How Do Scenario Nets Differ from Internet Advertising?

How will Scenario Net partnerships differ from today’s site sponsorships, Web advertisements, or affiliate programs?

PORTABLE PROFILES. First, when customers click through to the linked site, their relevant personal profile information will tag along. No more reentering the same data over and over. Customers will have e-wallets or other portable personal profile passports that capture and re-submit personal information.

Will customers be given a choice about whether to carry this profile information along or not? Absolutely. Customers will have the same opt in/opt out choices for passing along profiles that they have today regarding cookies. The wording might look something like this: “Would you like us to convey your relevant profile information to this trusted partner?” A clickable explanation of what the “relevant” information would be in each case would follow.

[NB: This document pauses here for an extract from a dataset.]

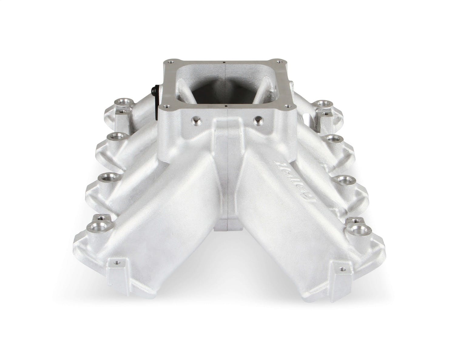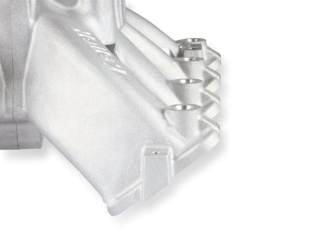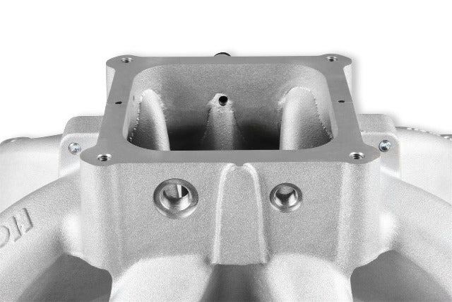 The new Holley Single-Plane Race intake manifold is designed with maximum performance in mind. Featured is a two-piece split design that provides access for all levels of porting and modification. With shoulder bolt locators and O-ring seal, disassembly & reassembly is simple and precise. The manifold with AN-8 fuel rails fits GM LS Gen III engines with cathedral port heads and has a 4500 Dominator style carb flange for carburetors, EFI throttle bodies, or EFI throttle body elbows, and is configured with a LS MAP sensor port along with other NPT plenum vacuum or air-temp sensor ports. The LS Race single-plane intake manifold is designed for hi-performance/racing engine applications, 5.3 to 6.2+ liter displacements, N/A or with power adders. The large volume 4500 plenum and optimized runners provide airflow potential for Hi-RPM engines with max power at 7500-8000+ RPM.
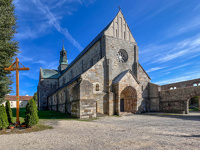 Kościół św. Tomasza Kantuaryjskiego więcej zdjęć (71) Atrakcja turystyczna Zbudowano: 1232 Dawniej: Kościół klasztorny cystersów Zabytek: 239/569 z 16.09.1971 Kościół św. Tomasza Kantuaryjskiego – trójnawowa bazylika z transeptem. Jako zakończenie budowy przyjmowana jest data konsekracji kościoła, rok 1232. Bryła kościoła zachowała się w nienaruszonym układzie. Front kościoła zdobi romański portal i rozeta. Wyposażenie świątyni pochodzi z okresu baroku i rokoka. Kościół klasztorny p.w. św. Tomasza Kantuaryjskiego w Sulejowie wzniesiony ze szlachetnego piaskowca szydłowieckiego, w starannie ciosanych blokach i ułożonych w regularne szychty, przedstawia budowlę sklepioną. Sklepienie znalazło podparcie w grubości murów i nieznacznie występujących skarpach. Romański portal głównego wejścia do kościoła mieści się w ścianie zachodniej, na osi nawy głównej, nad nim zaś umieszczono maswerk. Nad dawnym wejściem bocznym znajduje się romański tympanon z końca XII w. przedstawiający płaskorzeźbiony krzyż wczesnochrześcijański, po bokach którego jest słońce, księżyc i ptak jako symbole śmierci Chrystusa. Skrzydło zachodnie klasztoru przeznaczano na spiżarnie, składy oraz pomieszczenia dla braci i nowicjatu. Natomiast od strony północnej mieścił się ogród warzywno-owocowy. Skrzydło od strony południowej, z którego przetrwały jedynie partie murów i fragmenty piwnic, mieściło mieszkanie opata oraz kaplicę, w której uczestniczył we mszy świętej kardynał Geatano w 1597 roku, będący gościem opata Schenkinga, jako przedstawiciel papieża. Kapitularz w kościele sulejowskim z połowy XIII w., jest pomieszczeniem zbudowanym na rzucie kwadratu, nakrytym sklepieniem krzyżowo-żebrowym o czterech przęsłach wspartych tylko na jednej kolumnie. Konstrukcja kapitularza jest wykonana po mistrzowsku. Należy ją zaliczyć do najśmielszych przedsięwzięć sztuki sklepiania systemem krzyżowo-żebrowym na ziemiach polskich. Kapitularz mimo sklepienia ostrołukowego zachował cechy romańskie, takie jak: proporcje, kolumny, ornamentacja kapiteli i przezrocza. W krużganku kapitularza zaskakuje bogata kamieniarka zworników i wsporników o motywach heraldycznych. Występujące na wspornikach sklepiennych: orzeł jagielloński, Pogoń litewska i krzyż węgierski, upewniają pobyt Władysława Jagiełły w Sulejowie. W kapitularzu Ojcowie Cystersi po odzyskaniu swojej własności urządzili muzeum przeznaczone dla licznych turystów, wczasowiczów i młodzieży szkolnej. Znajdują się tu cenne eksponaty, takie jak: obraz Kazimierza Sprawiedliwego, obraz opata Schenkinga, unikalny tryptyk przedstawiający Trójcę Świętą z pierwszej połowy XVI w. oraz liczne szaty liturgiczne. Ołtarz główny z obrazem „Wniebowzięcie Matki Boskiej” wykonany został w 1788 roku przez Joannesa Millmana. Ambona wykonana z drewna, polichromowana, obrzeżona półkolistą balustradą, zwieńczona jest baldachimem z piramidą chmur i klęczącą postacią św. Tomasza Kantuaryjskiego (Tomasza Becketa z Canterbury) w zakonnym stroju. Po obu stronach nawy głównej umieszczone są stalle, dwukondygnacyjne z 2 poł. XVIII w. o bogatej dekoracji snycerskiej zaplecków i przedpiersi. Pierwszy rząd zakończony jest siedziskiem dla przeora – latus prioris, z wysokim zapleckiem, zwieńczonym szczytem z rocaillów i osobnym wejściem. W rogach wiszą obrazy w pięknych rokokowych asztach przedstawiające papieży: Benedykta XII, Aleksandra III, Eugeniusza III i Urbana IV. Organy kościoła cysterskiego w Sulejowie powstały w XVII w. i poddawane były udoskonaleniom. Wykazują one podobieństwo do organów kościoła cysterskiego w Wąchocku i być może są dziełem tego samego organmistrza i warsztatu snycerskiego, najprawdopodobniej zakonnego. Tradycje organmistrzowskie szczególnie mocno zakorzeniły się w Zakonie Cystersów. Posiadali warsztaty zakonne m.in. w Szczyrzycu. Budowali organy o przewadze głosów metalowych, mając własne źródła zaopatrzenia w cynę i ołów. Inicjatorem ich budowy był zapewne opat Stanisław Zaremba. Instrument posiada 22 głosy (2 klawiatury ręczne + 1 nożna) z cymberblastem, tj. wirującą gwiazdą z dzwonkami. W 1784 roku był naprawiany przez znanego organmistrza z Brzegu – Chrystiana Wilhelma Schefflera. na centralnej wieży pozytywu stoi rzeźba Matki Boskiej Apokaliptycznej. Wielkość i podobieństwo organów wąchockich i sulejowskich mogła wynikać z identycznych wymiarów obu cysterskich kościołów. Instrumenty usytuowane są na prawie identycznych chórach muzycznych, ukształtowanych w formie podkowy. Balustrada chóru sulejowskiego jest dekorowana w kwaterach malowidłami o tematyce emblematycznej. Obrazy mogły powstać prawdopodobnie w czasach opata sulejowskiego Stefana Sitarskiego (zm. w 1686r.), którego herb Abdank znajduje się w barokowym kartuszu pod pozytywem. Emblematy stały się gatunkiem stojącym na pograniczu poezji i malarstwa. Spotykano je także we wnętrzach kościelnych: stallach, ołtarzach, feretronach, czy jak w przypadku Sulejowa, na balustradzie chóru muzycznego. malanowicz.eu (fantom) Zespół klasztorny cystersów więcej zdjęć (94) Atrakcja turystyczna Zbudowano: XII w. Zabytek: 569 oraz 429 Strona opactwa Hotel Podklasztorze - ul. Opacka więcej zdjęć (518) |

SHARED CUSTOMER INFORMATION. The second difference will be in joint “ownership” of customer data. In today’s Web ad click-through models and affiliate programs, a customer’s identity is never shared. If someone comes to my site and clicks through to buy a book at, I’ll get the commission, but I’ll never know who came through. In tomorrow’s Scenario Nets, customer data will be part of the currency of exchange. I’ll get a lower commission in exchange for knowing the identity (at least what the customer will share with me) of our mutual customer.

Start Designing Your Scenario Nets Today!

Who will benefit from this next step in Web evolution? Convenience-minded customers will prefer to stick with networks of cooperating partners who save them time and steps. Companies that jump on this business model early will learn a lot more about their customers’ preferences, resulting in much better target marketing.

It’s time to start creating your own Scenario Nets before your competitors do.